Desde el primer momento, el Papa acudía a ellos, como órgano consultivo, para que le ayudaran en el gobierno de la Iglesia. Tan sólo es en la Edad Media cuando el Colegio cardenalicio se convierte en el grupo elector del nuevo Pontífice, si estos eran obispos, y más tarde esto se hace extensivo a todo Cardenal obispo de la Iglesia, independientemente de que formase parte de la Diócesis de Roma.

En cualquier caso, tan sólo es una norma de la Iglesia que sean los Cardenales los que puedan elegir al nuevo Papa, pero otras formas de elección son posibles, permitiendo la consulta al resto de las comunidades cristianas repartidas por todo el mundo.

Dos notas muy significativas distinguen a los Cardenales del resto de los fieles: primero el poder en la elección del nuevo Pontífice, y segundo el honor de la distinción, significada en el tratamiento de Eminencia y en los colores de sus vestiduras.

Sobre la primera nota, en cuanto al ejercicio del poder para la elección del nuevo Papa, ya he expresado mi punto de vista, afirmando que otras formas, menos autoritarias y monárquicas son posibles. En cuando a la distinción honorífica, me parece que es absolutamente contraria al sentido del Evangelio que rechaza todo tipo de honor y gloria por parte de los seguidores de Jesús.

El “honor” en la Iglesia no forma parte del proyecto de Jesús. A los hombres, Dios mismo les distingue con el consuelo cuando su vida transparenta los gestos y actitudes de Jesús. Del resto, el Evangelio no dice nada, es más, Jesús tiene palabras durísimas hacia aquellos que les gusta mostrarse públicamente enseñando la orla de sus mantos.

La experiencia personal del Evangelio se vive en el silencio, la discreción y el anonimato: “que tu mano derecha no sepa lo que hace tu mano izquierda”. Me gustaría saber si los obispos que van a ser honrados con el birrete cardenalicio, también lo recibirían si se pudiera consultar a las diferentes comunidades eclesiales de las que son obispos.

Sería mucho más justo y evangélico que fueran los propios fieles quienes decidieran sobre la conveniencia o no de que sus obispos, avalados por su ejemplo de vida, accedieran a la púrpura cardenalicia. En ese caso, igual todos nos llevábamos una buena sorpresa.

El color rojo de las vestiduras de los Cardenales, recuerda la sangre de los mártires, que entregaron su vida por amor a Dios, testimoniando de Él hasta la última gota de su sangre. ¿Qué obispos son merecedores entonces de tal distinción?

No seamos hipócritas, vivir el Evangelio en propia carne es una gracia y un don, pero jamás un premio por parte de los hombres, y mucho menos un cargo honorífico. En todo caso, debería ser una distinción para todo cristiano que pueda dar testimonio de su amor a Cristo por la entrega de su vida a los demás.

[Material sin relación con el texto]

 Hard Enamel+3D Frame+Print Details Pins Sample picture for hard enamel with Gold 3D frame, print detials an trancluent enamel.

En última instancia, si la intención de la Iglesia es la creación de un cuerpo elector del nuevo Pontífice, otras formas mucho menos oligarcas son posibles, dando cabida a la participación de todo el Pueblo de Dios.

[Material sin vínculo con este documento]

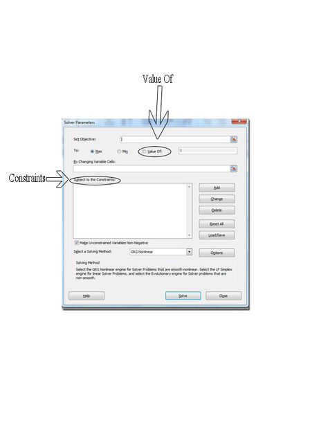Una vez que haga clic en la opción Solver, aparecerá el cuadro de diálogo parámetros de Solver. Una vez aquí, usted necesitará especificar los parámetros para ejecutar el solver. Estos parámetros varían dependiendo de su problema. El cuadro celda objetivo Set debe contener la ubicación de la celda de la función objetivo del problema bajo consideración. Max o min puede ser seleccionado para encontrar el máximo o mínimo de la celda de destino establecido. Si se selecciona el valor, el solucionador intenta encontrar un valor del destino de la célula igual a cualquier valor se coloca en el cuadro a la derecha de esta selección. El cuadro de las células debe contener la ubicación de las variables de decisión para el problema. Finalmente, se deben especificar las restricciones en el tema a la caja de limitaciones haciendo clic en Agregar. Cambio permite modificar una restricción ya entró y delete le permite borrar una restricción introducida anteriormente. RESET se borra todo el problema actual y restablece todos los parámetros a sus valores predeterminados. Opciones muestra el cuadro de diálogo Opciones de Solver. La selección de guess no es particularmente útil para nuestros propósitos y no se discutirán aquí.

Para tal asunto, no hacen falta Cardenales, sino cauces alternativos de participación del resto de las comunidades eclesiales. Estamos hablando de normas y no cuestiones referidas al derecho divino.

Otra cuestión muy diferente, es que el Papa, con la elección de estos nuevos Cardenales, esté preparando el terreno para su sucesor, eligiendo a aquellos futuros electores que estén en sintonía con la propia visión que tiene el Papa de la Iglesia. Pero eso ya es otra cuestión que merece un comentario aparte.

Tan sólo diré para ilustrar esto que de los 121 cardenales electores, que con los nuevos purpurados se suman al colegio cardenalicio, más de la mitad son europeos, y la Iglesia Universal se extiende más allá del viejo continente.

Por poner dos ejemplos, baste señalar que a partir del nuevo consistorio, el número de Cardenales africanos será de 18 frente a los 60 europeos; y los latinoamericanos serán sólo 21.